**About this exercise:** Please, could you print all the lines below exactly, leaving out the pictures?

**Data segment:**
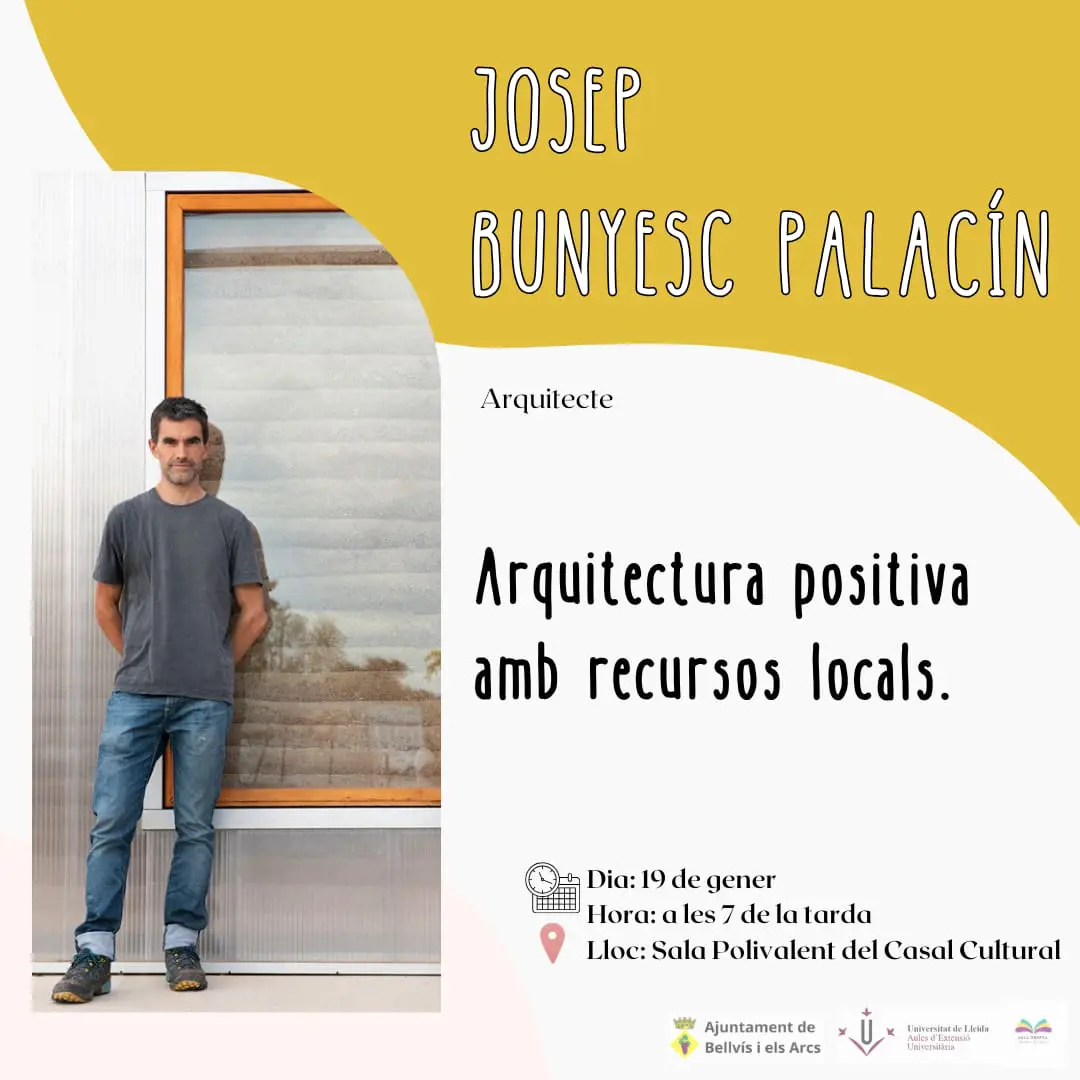 L'Aula Oberta de Bellvís – els Arcs comunica a tots els seus associats que aquest proper dilluns 19 de gener a les 19.00 h i a la sala polivalent del Casal Cultural Sebastià Serrano, tindrà lloc la xerrada Arquitectura positiva amb recursos locals, a càrrec de l'arquitecte i especialista en el tema Josep Bunyesc Palacín.
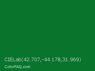 CIELab 42.707,-44.178,31.969 Color is a dark green color and the nearest color is La Salle Green #087830. Hex code #09752c and RGB value is rgb(9,117,44). In RGB color space, this color is composed of 4% red, 46% green, 17% blue, In CMYK color space, this color is composed of 92% cyan, 0% magenta, 62% yellow , 54% black , In HSL color space, this color has a hue angle of 139° , 86% saturation and 25% lightness.
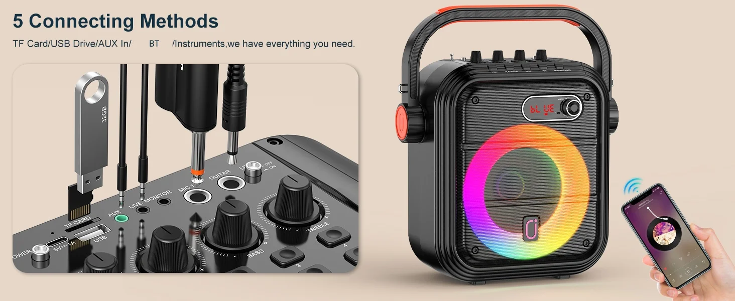 Karaoke Machine with 2 Wireless Microphones, Portable Bluetooth Speaker with RGB Light, Supports TF/USB, AUX, FM, Rec, TWS
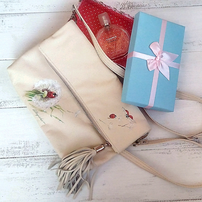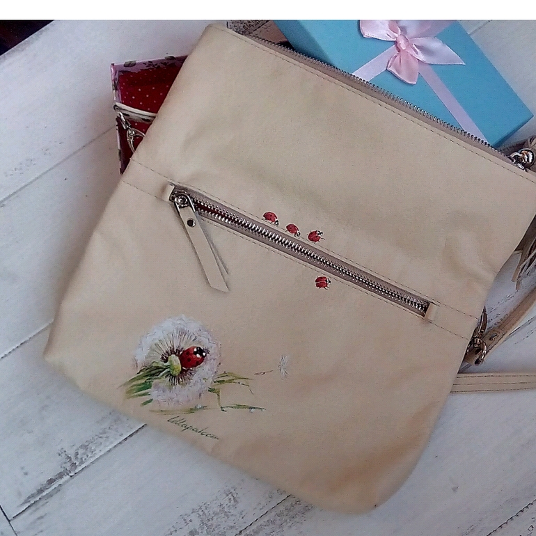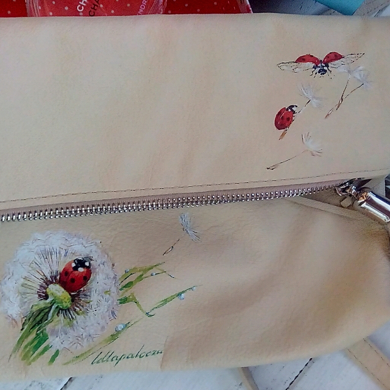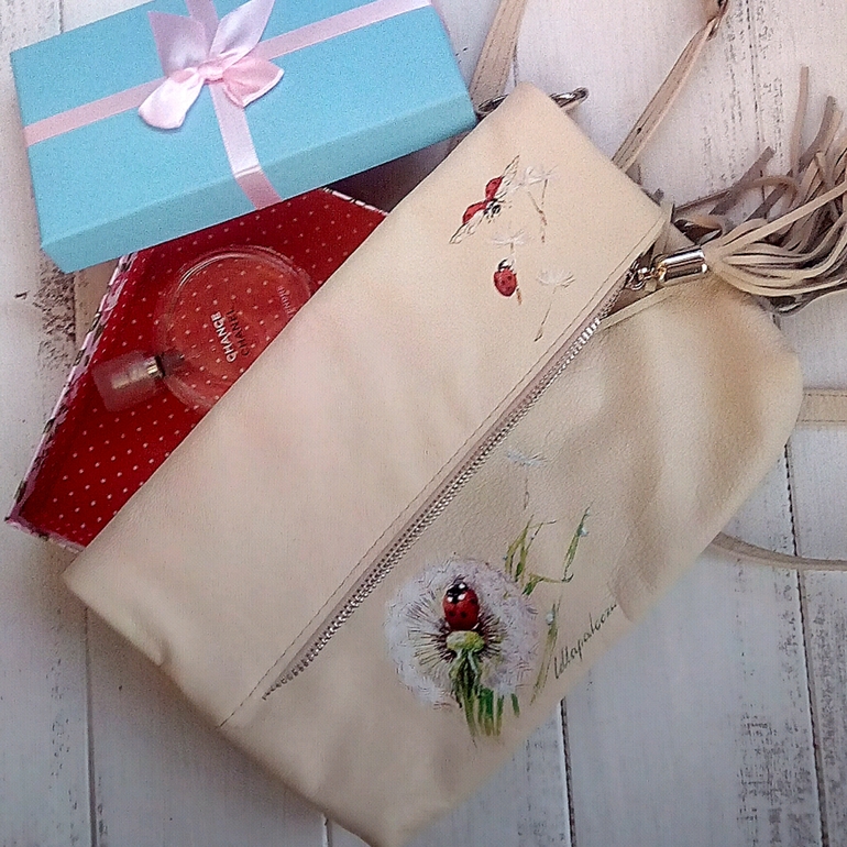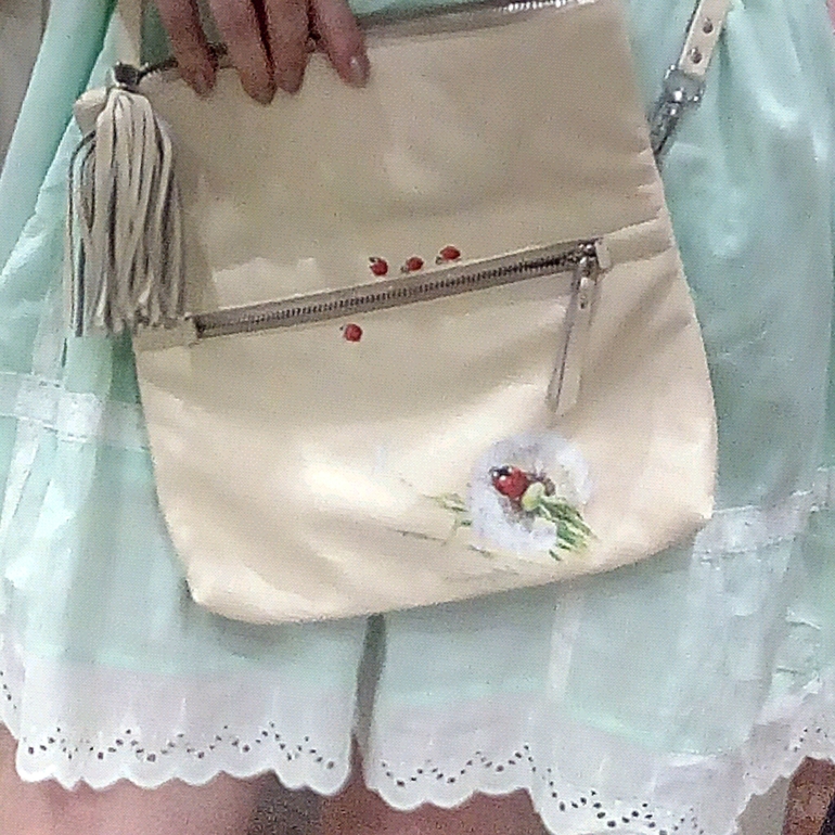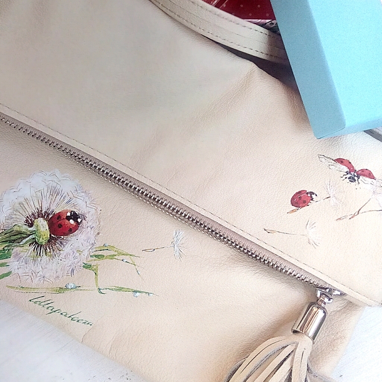 Живопись, точечная росписьКожаная сумка ручной работы. Роспись спец краской. Давно уже хотелось сделать что-то лёгкое и нежное. Фото будет много)берегите трафик😎

**Task response:**
 L'Aula Oberta de Bellvís – els Arcs comunica a tots els seus associats que aquest proper dilluns 19 de gener a les 19.00 h i a la sala polivalent del Casal Cultural Sebastià Serrano, tindrà lloc la xerrada Arquitectura positiva amb recursos locals, a càrrec de l'arquitecte i especialista en el tema Josep Bunyesc Palacín.
 CIELab 42.707,-44.178,31.969 Color is a dark green color and the nearest color is La Salle Green #087830. Hex code #09752c and RGB value is rgb(9,117,44). In RGB color space, this color is composed of 4% red, 46% green, 17% blue, In CMYK color space, this color is composed of 92% cyan, 0% magenta, 62% yellow , 54% black , In HSL color space, this color has a hue angle of 139° , 86% saturation and 25% lightness.
 Karaoke Machine with 2 Wireless Microphones, Portable Bluetooth Speaker with RGB Light, Supports TF/USB, AUX, FM, Rec, TWS
 Живопись, точечная росписьКожаная сумка ручной работы. Роспись спец краской. Давно уже хотелось сделать что-то лёгкое и нежное. Фото будет много)берегите трафик😎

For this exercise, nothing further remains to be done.